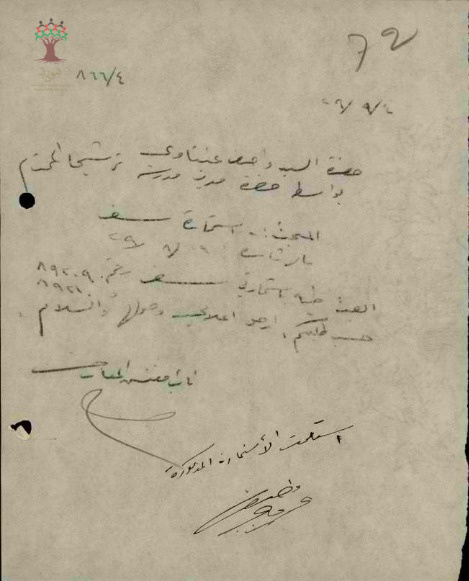 رسالة من مفتش المعارف الى المعلم واصف عنبتاوي بخصوص استمارة سفره
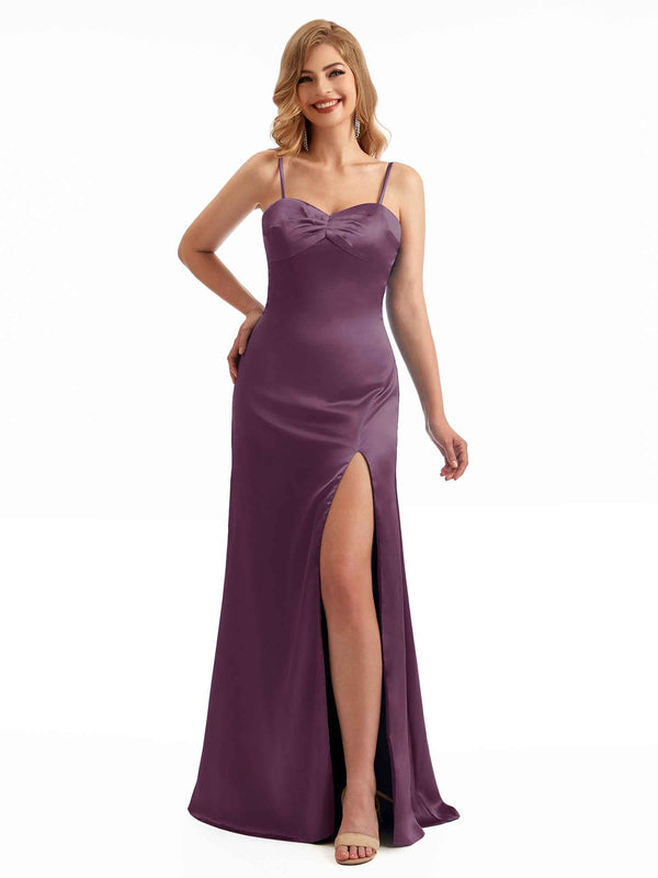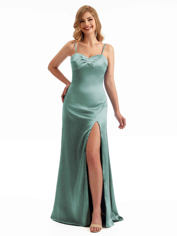 Simple Side Slit Boho Satin Spaghetti Straps Bridesmaid Dresses
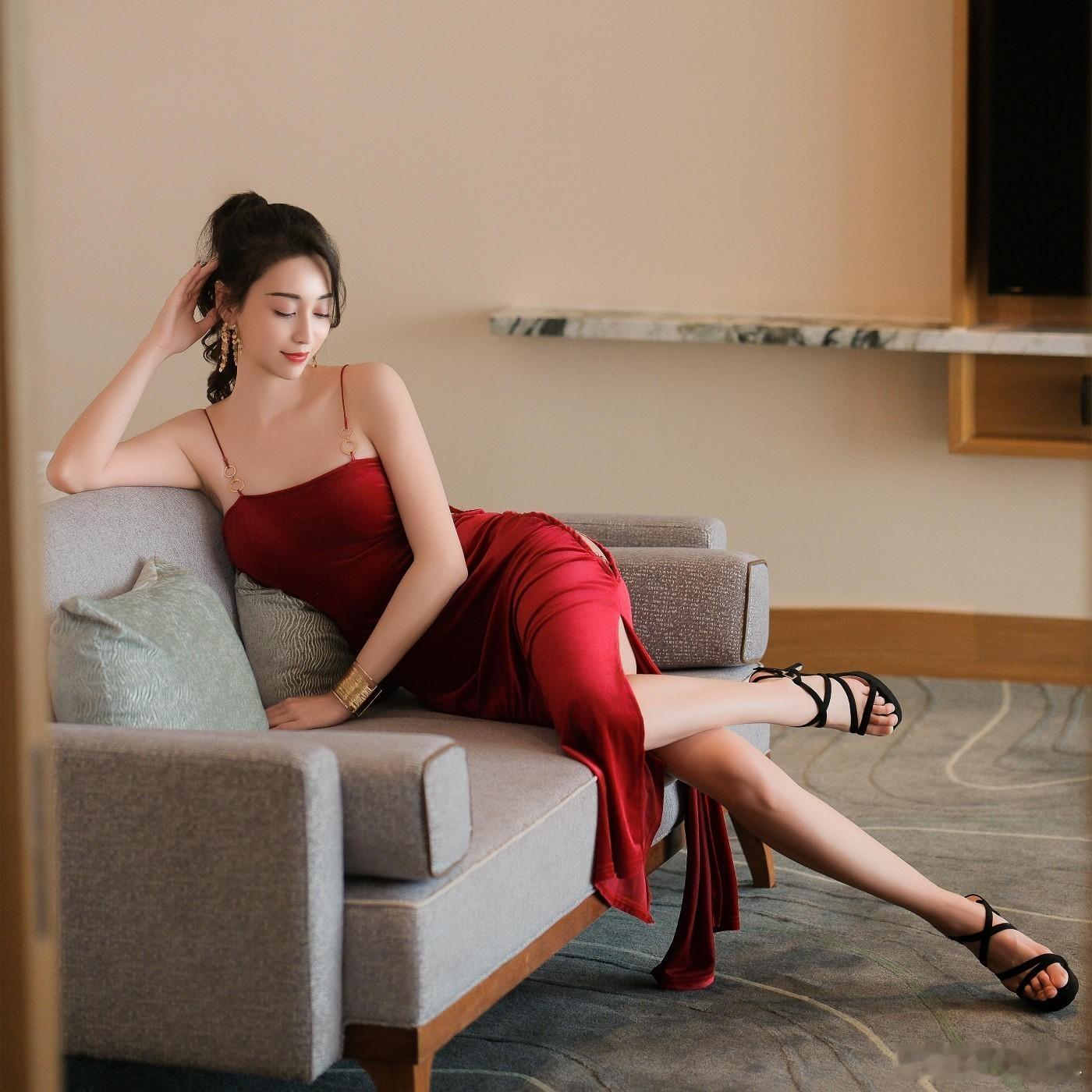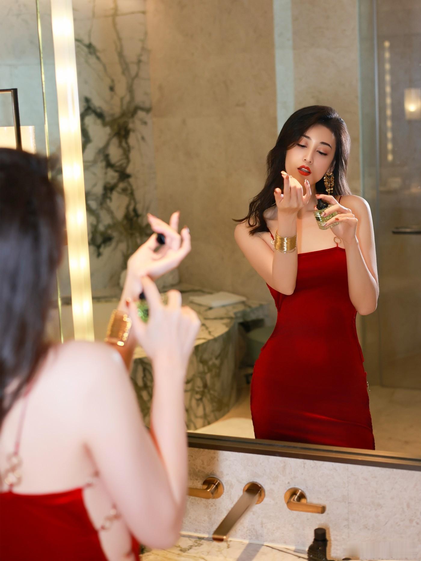 环球小姐区域赛冠军谭乔尹红色吊带长裙

REQUIREMENT: In your answer, repeat the material above in full, exactly, and without its pictures.

TASK RESULT:
 رسالة من مفتش المعارف الى المعلم واصف عنبتاوي بخصوص استمارة سفره
 Simple Side Slit Boho Satin Spaghetti Straps Bridesmaid Dresses
 环球小姐区域赛冠军谭乔尹红色吊带长裙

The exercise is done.